**What you should do**
Exact reproduction of the listing is required. Pictures are not reproduced.

**Recorded information**
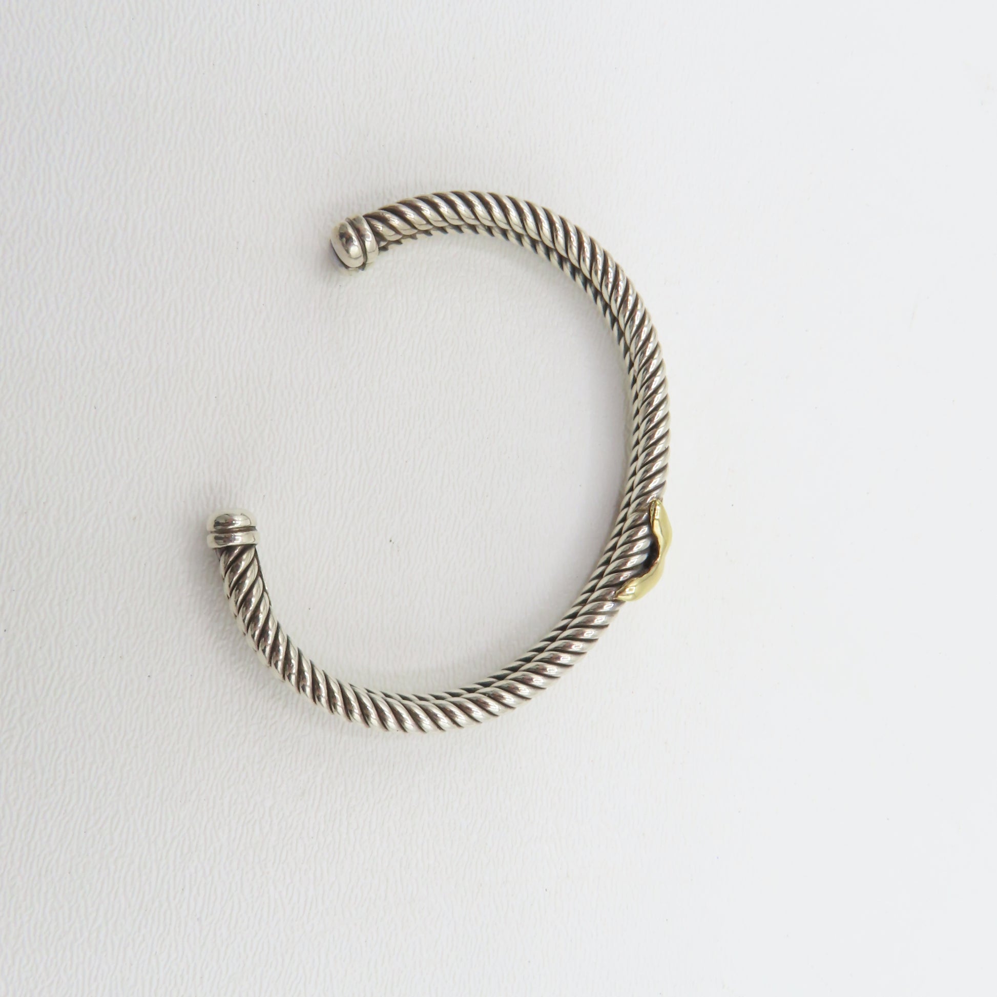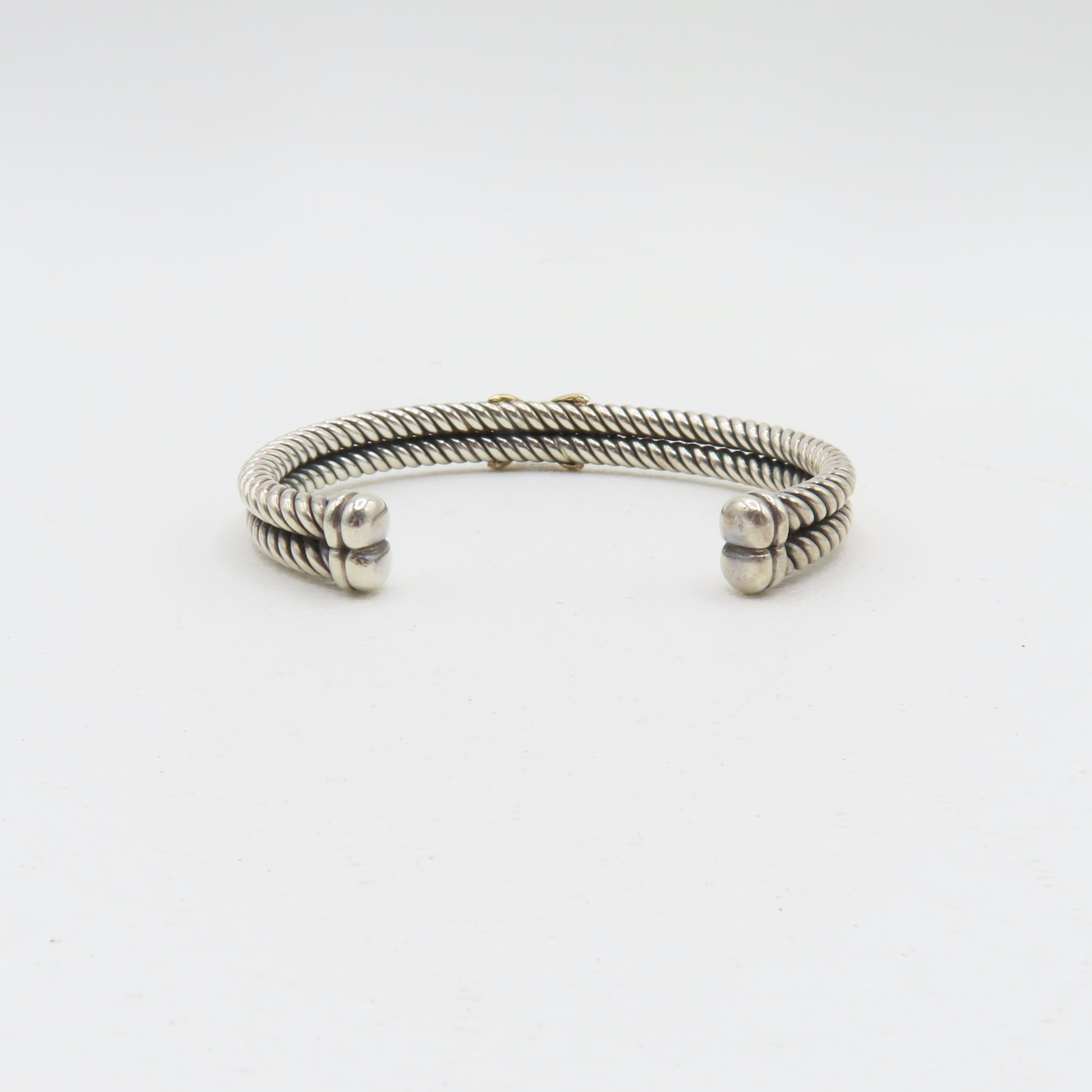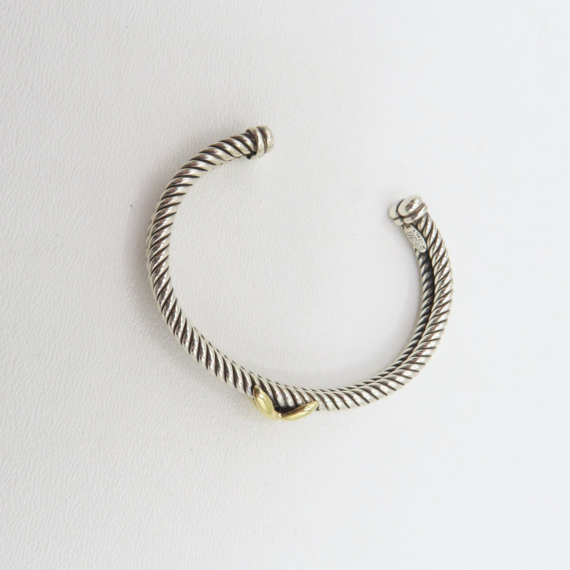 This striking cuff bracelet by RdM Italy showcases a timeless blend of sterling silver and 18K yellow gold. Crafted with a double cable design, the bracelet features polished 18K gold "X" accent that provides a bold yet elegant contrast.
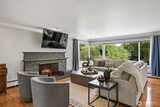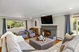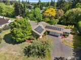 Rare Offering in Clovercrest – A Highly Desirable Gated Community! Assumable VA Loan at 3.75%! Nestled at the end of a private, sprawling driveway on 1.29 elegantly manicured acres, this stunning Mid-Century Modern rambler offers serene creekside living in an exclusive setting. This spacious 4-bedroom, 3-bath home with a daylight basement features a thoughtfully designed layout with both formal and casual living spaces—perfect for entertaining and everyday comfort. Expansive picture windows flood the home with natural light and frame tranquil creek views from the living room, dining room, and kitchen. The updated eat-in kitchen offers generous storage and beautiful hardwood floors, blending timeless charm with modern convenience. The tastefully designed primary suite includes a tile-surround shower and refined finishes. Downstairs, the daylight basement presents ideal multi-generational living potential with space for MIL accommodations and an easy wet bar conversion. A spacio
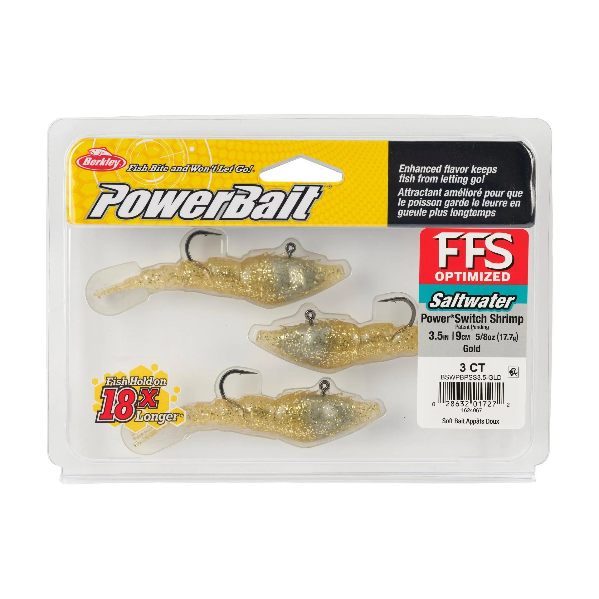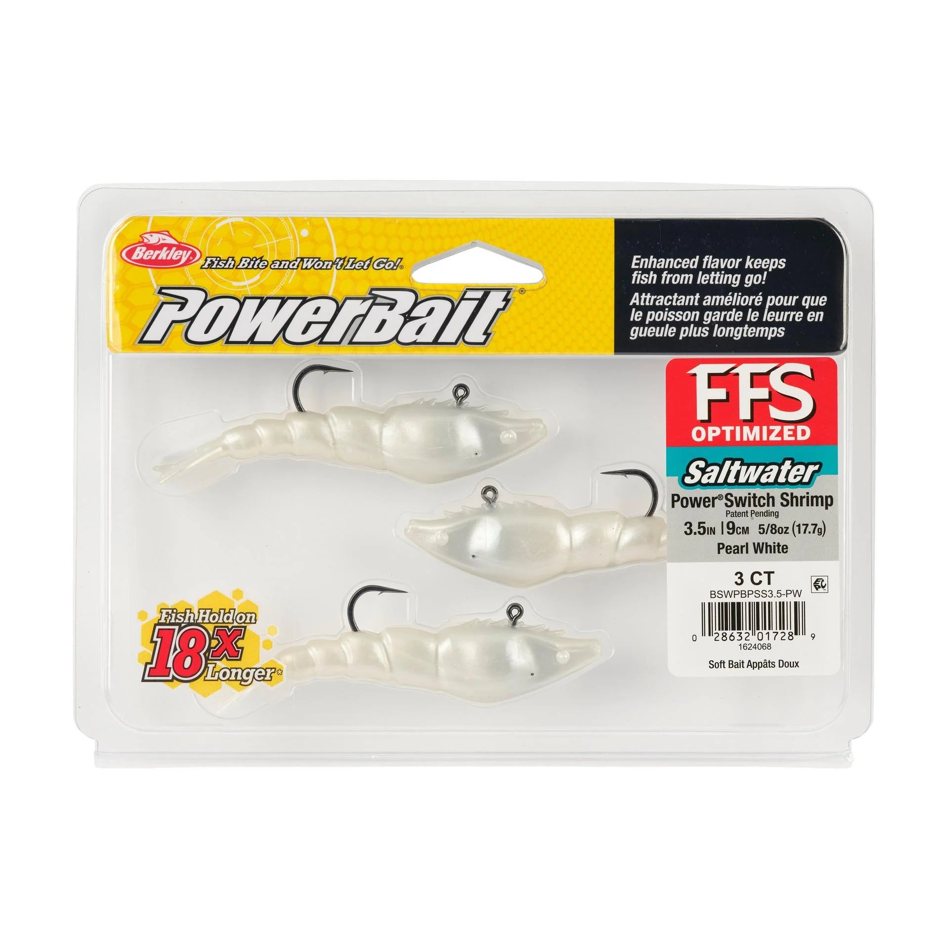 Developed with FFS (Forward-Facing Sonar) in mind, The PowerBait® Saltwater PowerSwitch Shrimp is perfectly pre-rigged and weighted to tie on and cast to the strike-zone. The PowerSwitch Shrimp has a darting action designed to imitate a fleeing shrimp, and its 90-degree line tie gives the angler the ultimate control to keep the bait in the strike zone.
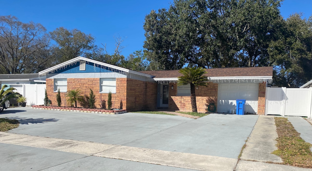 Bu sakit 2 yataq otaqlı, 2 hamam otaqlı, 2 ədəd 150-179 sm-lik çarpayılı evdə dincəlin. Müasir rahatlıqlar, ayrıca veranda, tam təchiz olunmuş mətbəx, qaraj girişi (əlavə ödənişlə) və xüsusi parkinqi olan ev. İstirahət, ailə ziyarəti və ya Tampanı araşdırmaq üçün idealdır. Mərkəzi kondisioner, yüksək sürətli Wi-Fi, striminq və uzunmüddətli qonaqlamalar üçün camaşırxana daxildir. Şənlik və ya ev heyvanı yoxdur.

**Task result**
 This striking cuff bracelet by RdM Italy showcases a timeless blend of sterling silver and 18K yellow gold. Crafted with a double cable design, the bracelet features polished 18K gold "X" accent that provides a bold yet elegant contrast.
 Rare Offering in Clovercrest – A Highly Desirable Gated Community! Assumable VA Loan at 3.75%! Nestled at the end of a private, sprawling driveway on 1.29 elegantly manicured acres, this stunning Mid-Century Modern rambler offers serene creekside living in an exclusive setting. This spacious 4-bedroom, 3-bath home with a daylight basement features a thoughtfully designed layout with both formal and casual living spaces—perfect for entertaining and everyday comfort. Expansive picture windows flood the home with natural light and frame tranquil creek views from the living room, dining room, and kitchen. The updated eat-in kitchen offers generous storage and beautiful hardwood floors, blending timeless charm with modern convenience. The tastefully designed primary suite includes a tile-surround shower and refined finishes. Downstairs, the daylight basement presents ideal multi-generational living potential with space for MIL accommodations and an easy wet bar conversion. A spacio
 Developed with FFS (Forward-Facing Sonar) in mind, The PowerBait® Saltwater PowerSwitch Shrimp is perfectly pre-rigged and weighted to tie on and cast to the strike-zone. The PowerSwitch Shrimp has a darting action designed to imitate a fleeing shrimp, and its 90-degree line tie gives the angler the ultimate control to keep the bait in the strike zone.
 Bu sakit 2 yataq otaqlı, 2 hamam otaqlı, 2 ədəd 150-179 sm-lik çarpayılı evdə dincəlin. Müasir rahatlıqlar, ayrıca veranda, tam təchiz olunmuş mətbəx, qaraj girişi (əlavə ödənişlə) və xüsusi parkinqi olan ev. İstirahət, ailə ziyarəti və ya Tampanı araşdırmaq üçün idealdır. Mərkəzi kondisioner, yüksək sürətli Wi-Fi, striminq və uzunmüddətli qonaqlamalar üçün camaşırxana daxildir. Şənlik və ya ev heyvanı yoxdur.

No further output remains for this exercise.